■ PROBLEM DESCRIPTION:
Return, unchanged and with no pictures, the lines below from the very first through the one that contains "2. ábra. Nyersanyagok előkészítése".

■ RECORDS TO USE:
= = = = =

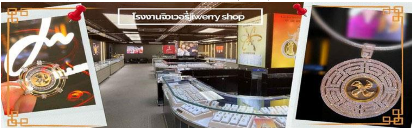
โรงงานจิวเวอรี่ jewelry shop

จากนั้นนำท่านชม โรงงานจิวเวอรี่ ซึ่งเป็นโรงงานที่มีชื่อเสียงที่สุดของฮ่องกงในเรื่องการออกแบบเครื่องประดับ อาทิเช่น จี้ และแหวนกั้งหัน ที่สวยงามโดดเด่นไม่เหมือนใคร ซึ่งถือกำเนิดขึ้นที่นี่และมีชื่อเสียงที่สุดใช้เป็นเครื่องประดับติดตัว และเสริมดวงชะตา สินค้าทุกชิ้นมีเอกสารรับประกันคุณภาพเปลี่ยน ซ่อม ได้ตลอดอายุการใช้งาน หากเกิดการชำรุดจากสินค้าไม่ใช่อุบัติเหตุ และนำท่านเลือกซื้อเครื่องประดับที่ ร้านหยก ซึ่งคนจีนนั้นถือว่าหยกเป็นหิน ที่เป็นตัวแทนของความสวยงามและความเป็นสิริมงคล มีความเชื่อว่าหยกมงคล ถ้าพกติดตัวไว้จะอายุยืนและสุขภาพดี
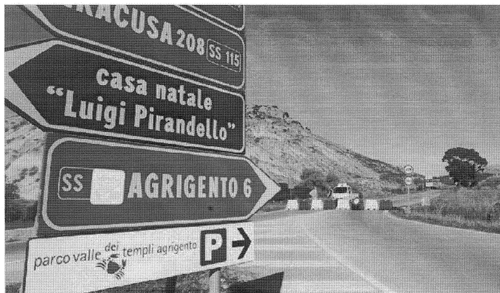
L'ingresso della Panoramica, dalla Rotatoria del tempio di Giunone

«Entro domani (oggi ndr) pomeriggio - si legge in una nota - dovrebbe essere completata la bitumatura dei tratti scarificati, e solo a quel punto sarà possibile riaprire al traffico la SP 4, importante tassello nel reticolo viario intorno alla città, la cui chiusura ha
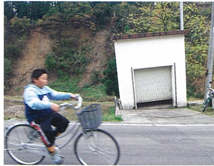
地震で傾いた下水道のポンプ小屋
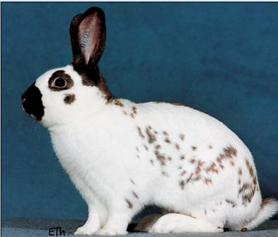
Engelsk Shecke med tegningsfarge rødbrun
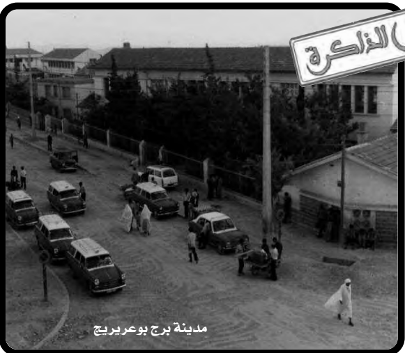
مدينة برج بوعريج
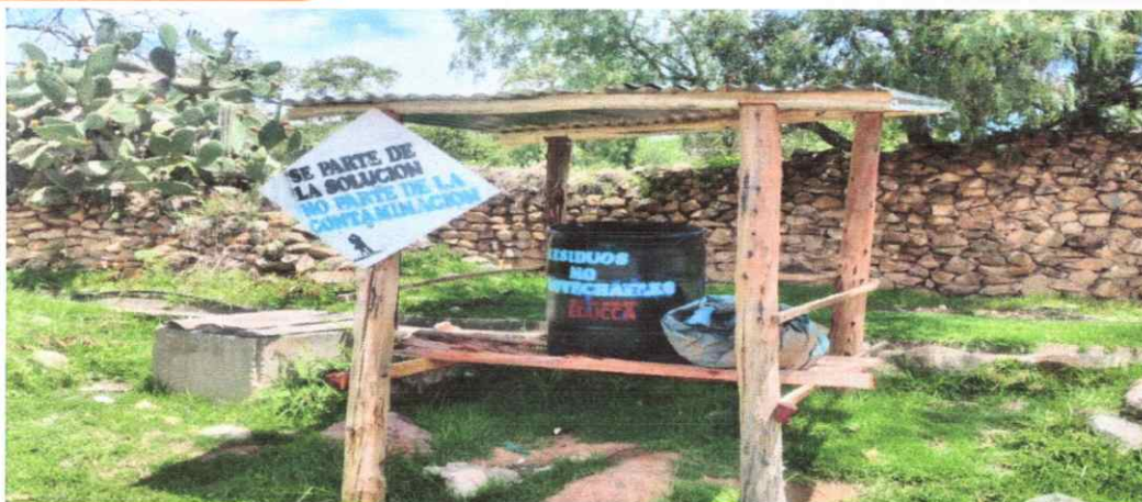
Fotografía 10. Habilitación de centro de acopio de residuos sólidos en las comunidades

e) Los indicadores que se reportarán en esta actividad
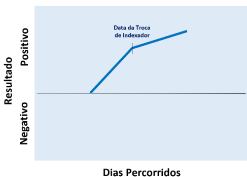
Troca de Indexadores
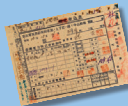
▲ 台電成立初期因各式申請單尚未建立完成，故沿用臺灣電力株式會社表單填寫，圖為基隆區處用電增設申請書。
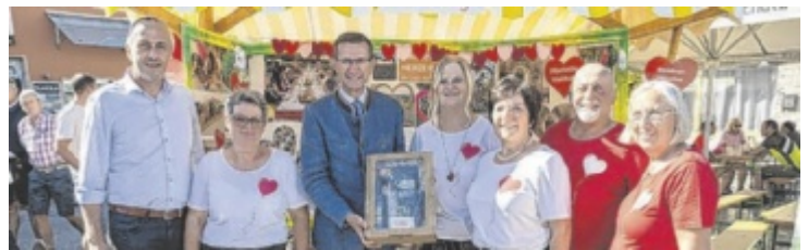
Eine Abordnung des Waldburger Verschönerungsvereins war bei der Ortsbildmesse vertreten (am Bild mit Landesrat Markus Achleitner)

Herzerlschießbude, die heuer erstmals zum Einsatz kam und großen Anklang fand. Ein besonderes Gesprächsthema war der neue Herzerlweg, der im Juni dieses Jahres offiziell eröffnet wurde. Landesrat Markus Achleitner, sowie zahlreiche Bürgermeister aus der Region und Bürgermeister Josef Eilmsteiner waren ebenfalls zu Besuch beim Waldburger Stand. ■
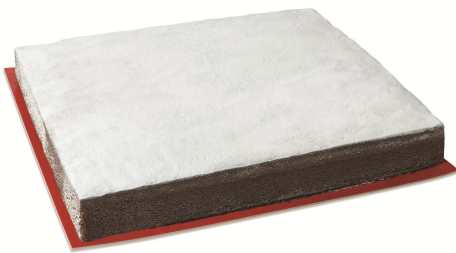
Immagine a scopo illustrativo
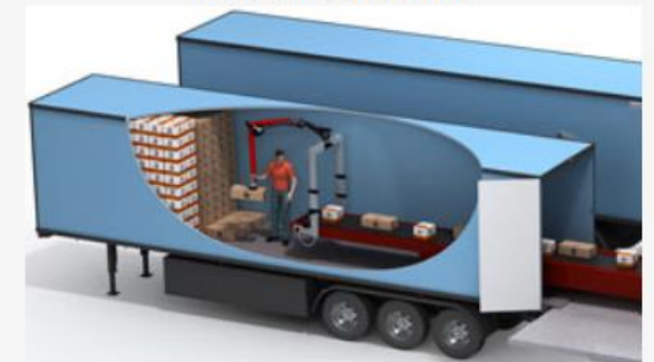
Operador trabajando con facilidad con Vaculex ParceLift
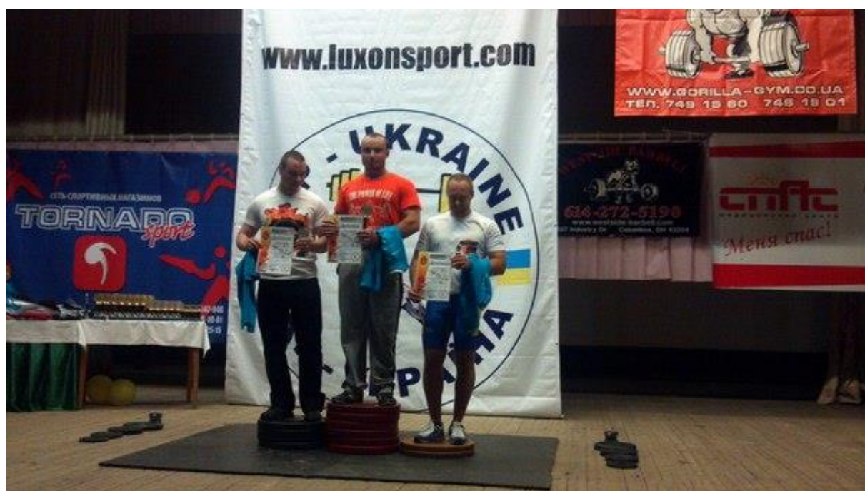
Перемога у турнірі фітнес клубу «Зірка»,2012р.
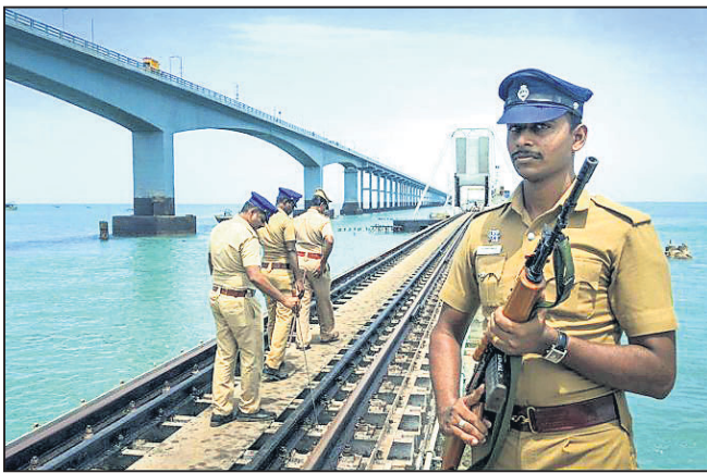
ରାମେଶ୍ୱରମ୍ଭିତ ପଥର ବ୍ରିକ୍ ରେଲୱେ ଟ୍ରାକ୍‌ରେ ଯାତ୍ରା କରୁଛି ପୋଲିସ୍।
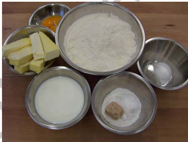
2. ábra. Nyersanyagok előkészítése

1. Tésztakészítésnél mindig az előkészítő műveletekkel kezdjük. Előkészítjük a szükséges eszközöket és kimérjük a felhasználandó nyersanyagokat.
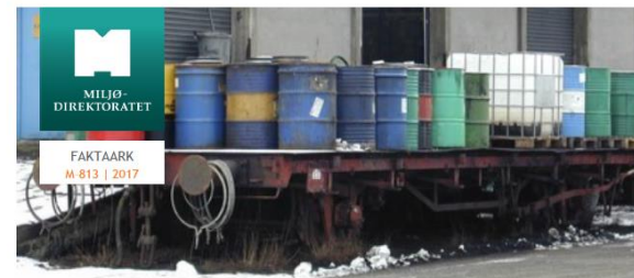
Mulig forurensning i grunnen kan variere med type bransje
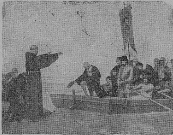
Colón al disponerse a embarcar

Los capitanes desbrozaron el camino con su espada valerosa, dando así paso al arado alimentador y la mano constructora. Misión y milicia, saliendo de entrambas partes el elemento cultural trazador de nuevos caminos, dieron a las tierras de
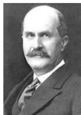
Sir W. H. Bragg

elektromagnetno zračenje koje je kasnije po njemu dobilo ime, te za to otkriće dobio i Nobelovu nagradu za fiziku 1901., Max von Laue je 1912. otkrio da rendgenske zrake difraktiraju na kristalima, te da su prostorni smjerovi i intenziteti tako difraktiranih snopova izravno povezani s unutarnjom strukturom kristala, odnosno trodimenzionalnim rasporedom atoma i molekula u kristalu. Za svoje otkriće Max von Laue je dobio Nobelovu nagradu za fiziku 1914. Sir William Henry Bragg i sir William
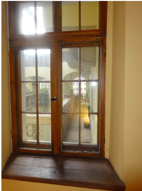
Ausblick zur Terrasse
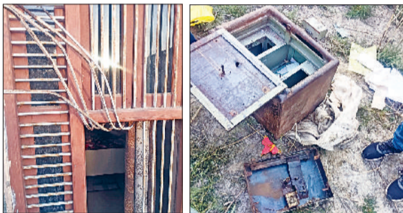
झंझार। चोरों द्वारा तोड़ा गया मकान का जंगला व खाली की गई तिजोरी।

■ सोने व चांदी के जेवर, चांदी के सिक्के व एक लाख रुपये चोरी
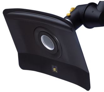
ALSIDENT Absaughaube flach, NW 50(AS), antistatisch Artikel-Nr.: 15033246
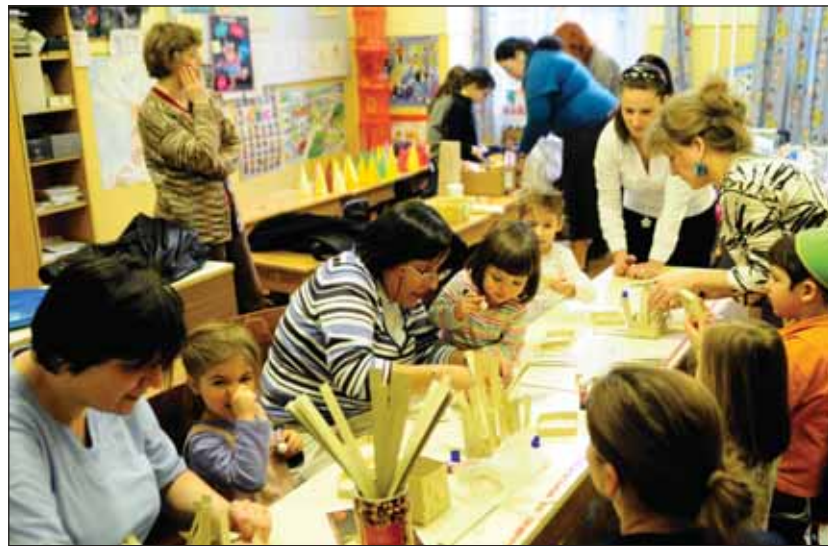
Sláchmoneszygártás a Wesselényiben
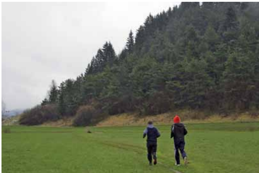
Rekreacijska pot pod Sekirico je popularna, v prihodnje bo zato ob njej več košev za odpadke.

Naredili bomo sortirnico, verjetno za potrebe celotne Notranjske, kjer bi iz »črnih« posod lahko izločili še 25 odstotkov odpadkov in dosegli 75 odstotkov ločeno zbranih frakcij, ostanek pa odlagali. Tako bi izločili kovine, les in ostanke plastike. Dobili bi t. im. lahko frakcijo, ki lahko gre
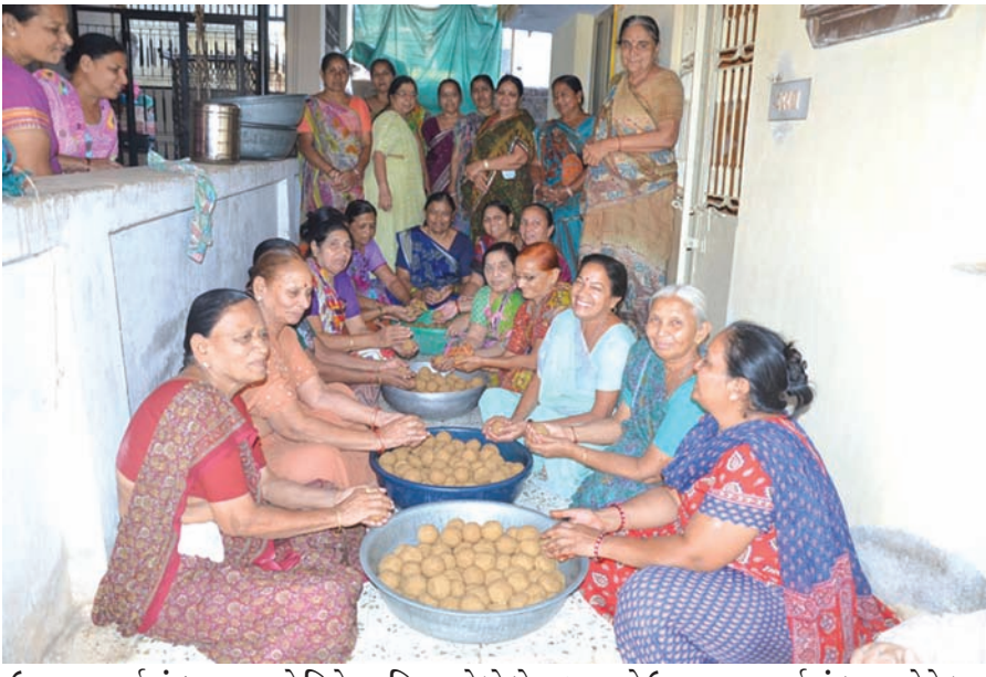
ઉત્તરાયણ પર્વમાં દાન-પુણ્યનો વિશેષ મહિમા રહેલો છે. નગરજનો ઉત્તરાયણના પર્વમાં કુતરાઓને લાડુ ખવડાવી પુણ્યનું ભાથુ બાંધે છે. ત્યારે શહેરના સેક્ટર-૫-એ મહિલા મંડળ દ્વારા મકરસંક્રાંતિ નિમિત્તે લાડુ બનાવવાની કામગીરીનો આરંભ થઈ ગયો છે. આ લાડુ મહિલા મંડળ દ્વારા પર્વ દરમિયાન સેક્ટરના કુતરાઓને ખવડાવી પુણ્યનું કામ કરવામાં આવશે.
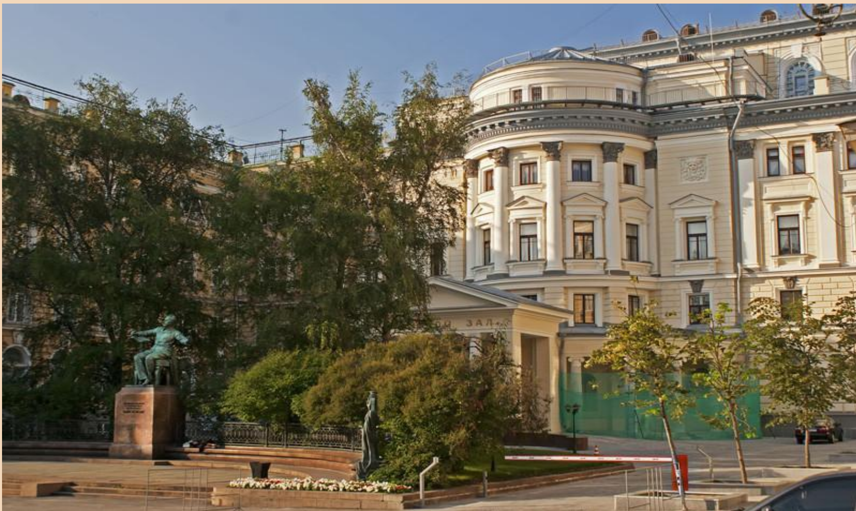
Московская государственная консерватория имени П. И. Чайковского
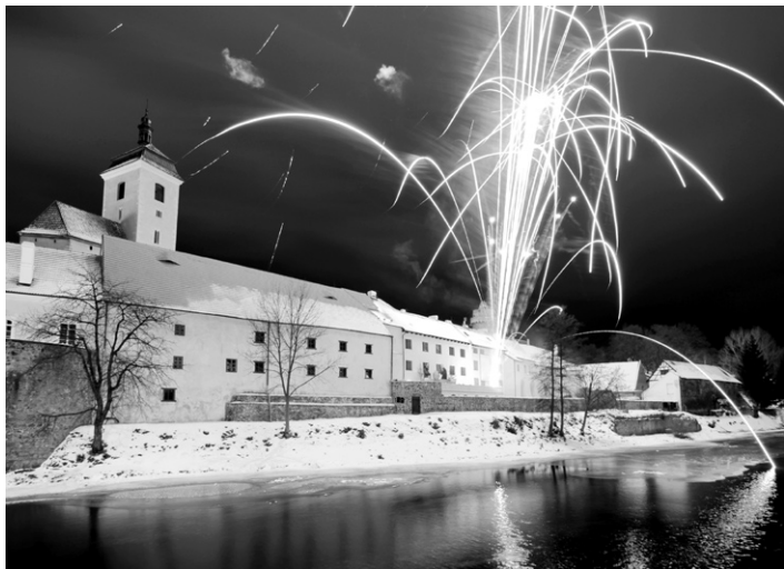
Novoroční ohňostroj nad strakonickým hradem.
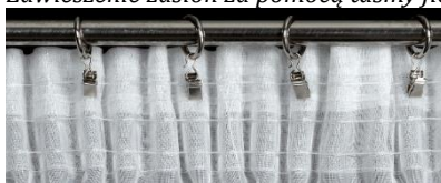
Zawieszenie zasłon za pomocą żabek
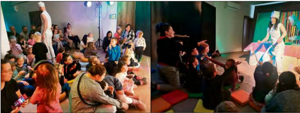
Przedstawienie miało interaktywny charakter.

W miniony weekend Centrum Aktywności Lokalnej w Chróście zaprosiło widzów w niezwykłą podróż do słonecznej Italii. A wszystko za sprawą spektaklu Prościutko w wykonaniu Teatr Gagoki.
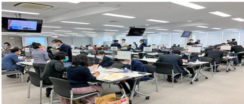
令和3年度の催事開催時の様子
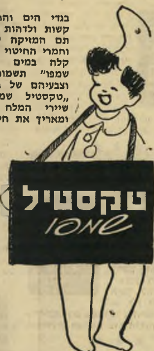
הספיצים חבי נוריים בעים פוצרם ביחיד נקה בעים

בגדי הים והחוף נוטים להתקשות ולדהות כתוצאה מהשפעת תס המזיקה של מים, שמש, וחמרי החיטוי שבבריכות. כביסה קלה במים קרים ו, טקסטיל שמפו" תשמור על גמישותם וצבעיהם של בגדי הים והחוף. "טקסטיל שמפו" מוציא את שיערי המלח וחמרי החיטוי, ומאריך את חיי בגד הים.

= = = = =

■ SOLUTION FOR THIS EXERCISE:
โรงงานจิวเวอรี่ jewelry shop

จากนั้นนำท่านชม โรงงานจิวเวอรี่ ซึ่งเป็นโรงงานที่มีชื่อเสียงที่สุดของฮ่องกงในเรื่องการออกแบบเครื่องประดับ อาทิเช่น จี้ และแหวนกั้งหัน ที่สวยงามโดดเด่นไม่เหมือนใคร ซึ่งถือกำเนิดขึ้นที่นี่และมีชื่อเสียงที่สุดใช้เป็นเครื่องประดับติดตัว และเสริมดวงชะตา สินค้าทุกชิ้นมีเอกสารรับประกันคุณภาพเปลี่ยน ซ่อม ได้ตลอดอายุการใช้งาน หากเกิดการชำรุดจากสินค้าไม่ใช่อุบัติเหตุ และนำท่านเลือกซื้อเครื่องประดับที่ ร้านหยก ซึ่งคนจีนนั้นถือว่าหยกเป็นหิน ที่เป็นตัวแทนของความสวยงามและความเป็นสิริมงคล มีความเชื่อว่าหยกมงคล ถ้าพกติดตัวไว้จะอายุยืนและสุขภาพดี
L'ingresso della Panoramica, dalla Rotatoria del tempio di Giunone

«Entro domani (oggi ndr) pomeriggio - si legge in una nota - dovrebbe essere completata la bitumatura dei tratti scarificati, e solo a quel punto sarà possibile riaprire al traffico la SP 4, importante tassello nel reticolo viario intorno alla città, la cui chiusura ha
地震で傾いた下水道のポンプ小屋
Engelsk Shecke med tegningsfarge rødbrun
مدينة برج بوعريج
Fotografía 10. Habilitación de centro de acopio de residuos sólidos en las comunidades

e) Los indicadores que se reportarán en esta actividad
Troca de Indexadores
▲ 台電成立初期因各式申請單尚未建立完成，故沿用臺灣電力株式會社表單填寫，圖為基隆區處用電增設申請書。
Eine Abordnung des Waldburger Verschönerungsvereins war bei der Ortsbildmesse vertreten (am Bild mit Landesrat Markus Achleitner)

Herzerlschießbude, die heuer erstmals zum Einsatz kam und großen Anklang fand. Ein besonderes Gesprächsthema war der neue Herzerlweg, der im Juni dieses Jahres offiziell eröffnet wurde. Landesrat Markus Achleitner, sowie zahlreiche Bürgermeister aus der Region und Bürgermeister Josef Eilmsteiner waren ebenfalls zu Besuch beim Waldburger Stand. ■
Immagine a scopo illustrativo
Operador trabajando con facilidad con Vaculex ParceLift
Перемога у турнірі фітнес клубу «Зірка»,2012р.
ରାମେଶ୍ୱରମ୍ଭିତ ପଥର ବ୍ରିକ୍ ରେଲୱେ ଟ୍ରାକ୍‌ରେ ଯାତ୍ରା କରୁଛି ପୋଲିସ୍।
2. ábra. Nyersanyagok előkészítése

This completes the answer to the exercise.